完颜朔推门进来时,脸上还带着从北市熙攘人群中穿行而过的、惯常的松散笑意。
可那笑意在目光触及屋内景象的刹那,便如同冬日檐下的冰棱,骤然凝固、断裂。
他一只脚跨在门槛内,另一只脚还悬在外面,整个人像是被无形的钉子钉在了原地,足足愣了两息。
然后极其夸张地收回脚,整个人后退一步,彻底退到了门外,还刻意仰起头,仔仔细细地打量了一番门楣和两侧斑驳的土墙。

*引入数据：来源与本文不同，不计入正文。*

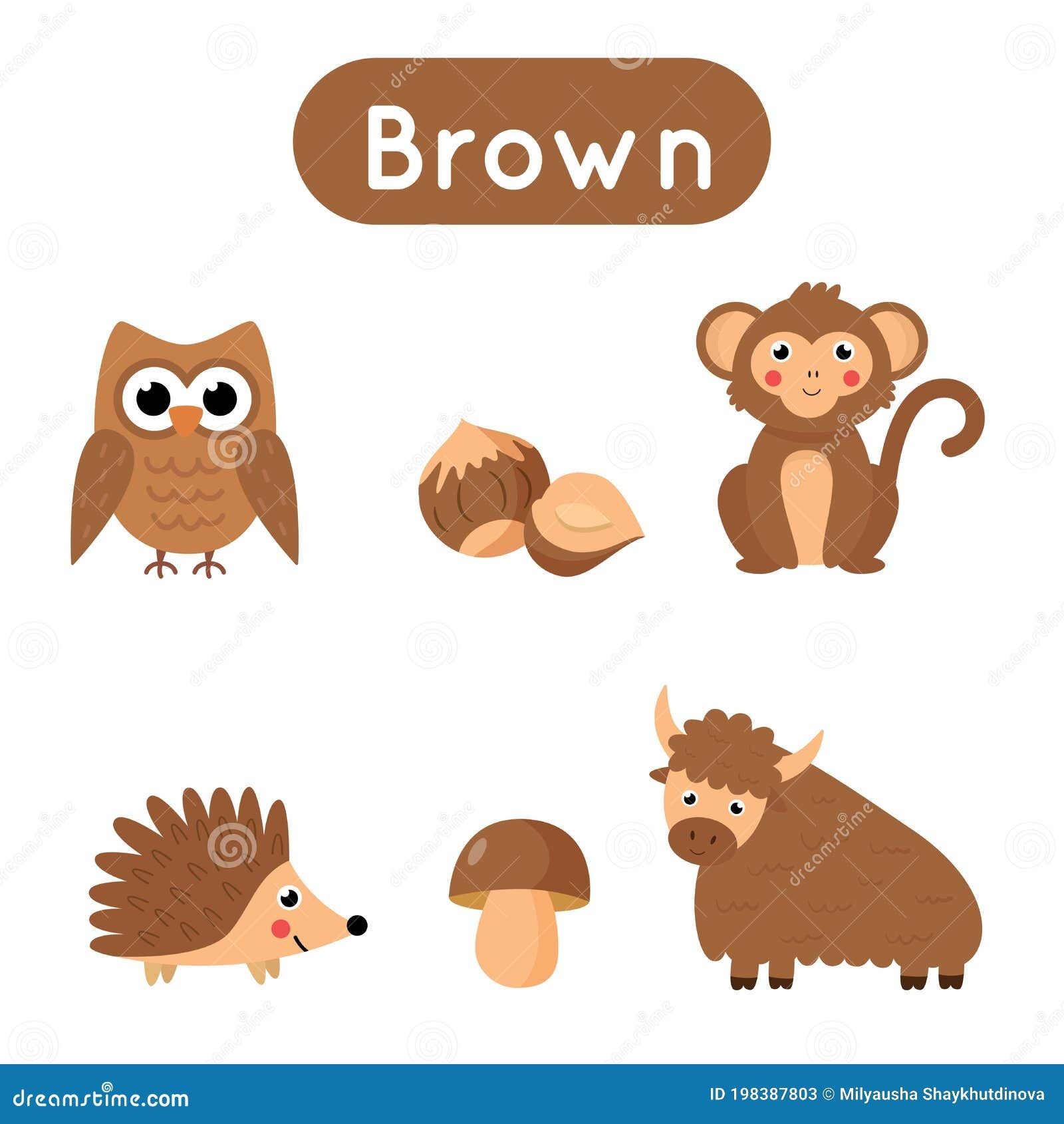 Learning Colors Brown Color Flashcard For Kids Cute Cartoon Characters Picture Set For Preschoolers Education Worksheet Vector Illustration Stock Vector Image U0026 Art Alamy
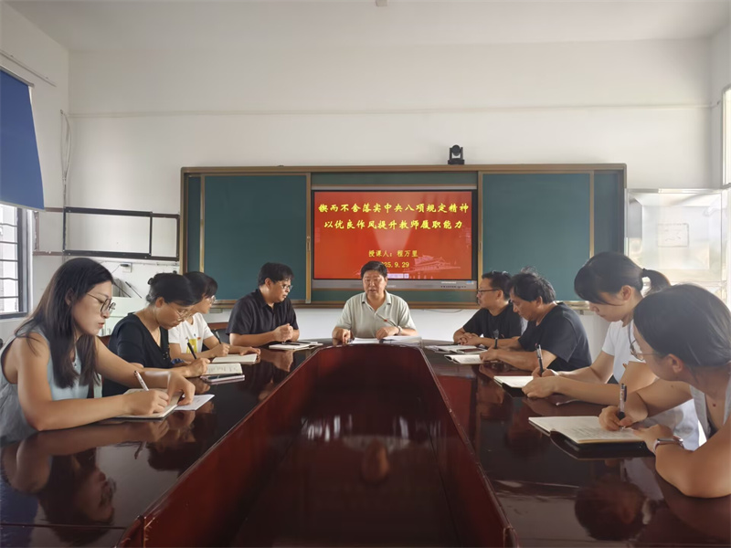 国庆、中秋将至,为巩固拓展深入贯彻中央八项规定精神学习教育成果,9月29日,学校党支部书记为全体党员教师上了一节题为“锲而不舍落实中央八项规定精神,以优良作风提升教师履职能力”的党课,掀起了学校作风建设的学习热潮。

又抬手揉了揉眼睛,仿佛在确认自己是不是昨夜没睡好,以至于青天白日走错了地方。
确认无误,这里确实是他们在云京的去处之一。完颜朔脸上的表情变得极为精彩,混合着震惊、错愕,以及一丝浮于表面的、刻意的惶恐。
他重新迈过门槛,动作都显得小心翼翼了些,目光在端坐的戚秀骨与面无表情的耶律长烬之间飞快地来回扫视,最终定格在戚秀骨身上。
他右手抚上心口,深深吸了口气,才用一种拿捏得九曲十八弯、好似唱戏的声调开口:“天爷!我这是误闯了哪处清净福地,还是今日北市的太阳太烈,照得我发了癔症?
什么风能把我们尊贵无比、不染尘俗的端辞公主殿下,吹到这……呃,蓬荜生辉的寒舍来?”
他环视了一圈家徒四壁的屋子,艰难地挤出了“蓬荜生辉”四个字,脸上那副惊喜表情夸张得几乎要溢出来。
他说话时,眼风却悄悄扫向一旁的耶律长烬,见对方神色如常,只淡淡瞥了自己一眼,并无制止或警告之意,便心下稍安,胆子又大了几分。
戚秀骨颔首:“完颜公子,别来无恙。”
“托殿下的福,勉强无恙。”
他自顾自地寻了个离桌子不远的凳子坐下,姿态看似放松地往后一靠,翘起一条腿,只是那双眼眸里的探究光芒,像刷子一样在戚秀骨和耶律长烬之间扫来扫去,藏也藏不住。
“看来殿下与我家主人……交情匪浅啊。”他拖长了调子,话里带着毫不掩饰的探究,脸上却重新挂上了那种无懈可击的、略带甜腻的笑容:“这倒是稀罕事,值得浮一大白。”
耶律长烬连眼皮都没抬,只从鼻腔里哼出一声短促的、不耐的气音,语气硬邦邦:“聒噪,有事说事。”
完颜朔摸了摸鼻子,丝毫不觉得尴尬,反而像是打开了话匣子:“方才在外头听说了一桩新鲜事,正巧,说与两位殿下听听,解解闷。”
他清了清嗓子,故作神秘地压低了声音,只是那音量依然足以让屋内每个人都听得清清楚楚:“还不是你们那位圣人陛下,又出新政了。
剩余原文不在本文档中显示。